13 Aug. 2017 – Kamikaze Chess

Fairy chess problems are akin to fantasy fiction and other genres of non-realistic stories in which “impossible” things occur. Such problems may employ unorthodox pieces (for example, the previously introduced grasshoppers and nightriders), which are analogous to imaginary beings with special powers. Another major type of unorthodox element – one that hasn’t been examined on this site before – is the fairy condition, which refers to an unconventional rule of play. Applying such a condition to a problem is rather like changing the laws of physics in a science fiction tale. In both cases we are asking, “What if?”, meaning we want to explore the interesting effects and consequences of modifying certain rules.

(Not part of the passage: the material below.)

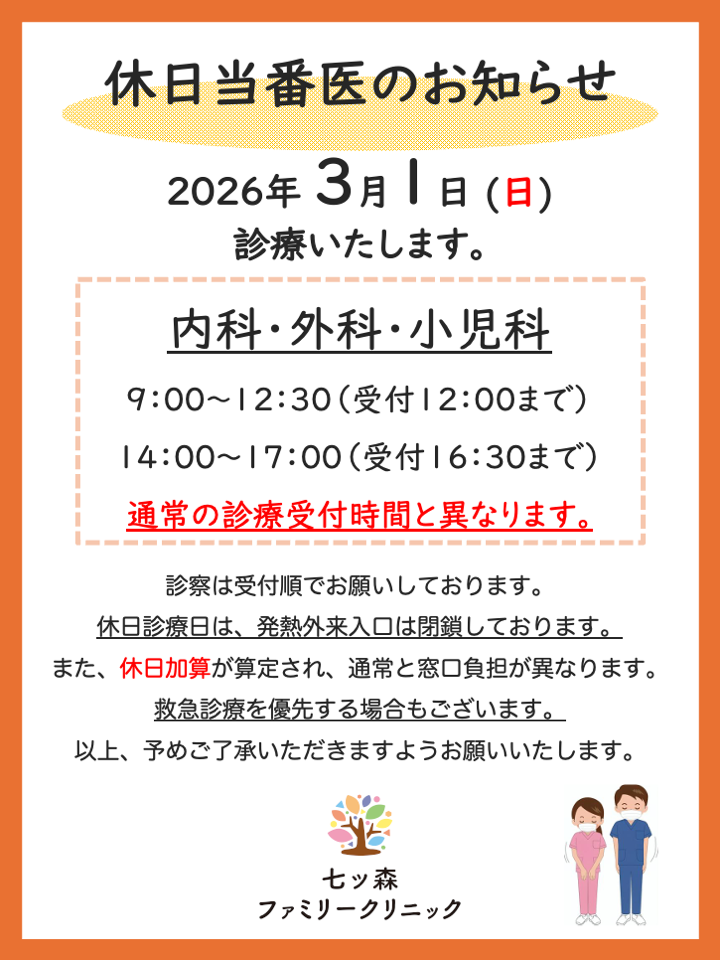 2026年3月1日の休日診療のお知らせ

Myriad fairy conditions have been invented, varying in complexity and the degree to which they deviate from the regular game. One of the simplest is Kamikaze Chess. In this form, when a capture occurs, both the capturing and captured pieces are removed from the board. Only the kings are exempt from this rule and they capture normally. What kinds of effects are possible with this condition? One basic way to exploit the rule is to utilise captures as a line-opening device – that is, a player can instantaneously open a line blocked by an enemy unit by capturing it. This tactic is used repeatedly in the two Kamikaze helpmates below.

Peter Wong
Problemkiste 1999
Helpmate in 2
Twin (b) Pb3 to b4

The first position has a pair of R + B batteries aimed at the black king, but two orthogonal flights must be covered and further, the black knight is poised to counter either rook check and it cannot move without yielding a third flight. The only way to deal with these hurdles is for White to deliver a double-check(mate) with the two rooks, achievable if the battery-firing bishop were to capture a black piece standing on the other rook line. Two additional line-opening captures are needed to set up such a double-check, which is obviously impossible in orthodox chess: 1.Q*e7 B*b3+ 2.Ra3 B*a3 (an ‘*’ designates a fairy capture). The twin (b) produces similar play: 1.R*f7 B*g7+ 2.Qg8 B*g8. The two white bishops reverse their roles and so do the black rook and queen. There’s also a reciprocal relationship between the a2-bishop and f3-rook in that each piece sacrifices itself to open a line for the other, and likewise for the f8-bishop and g5-queen.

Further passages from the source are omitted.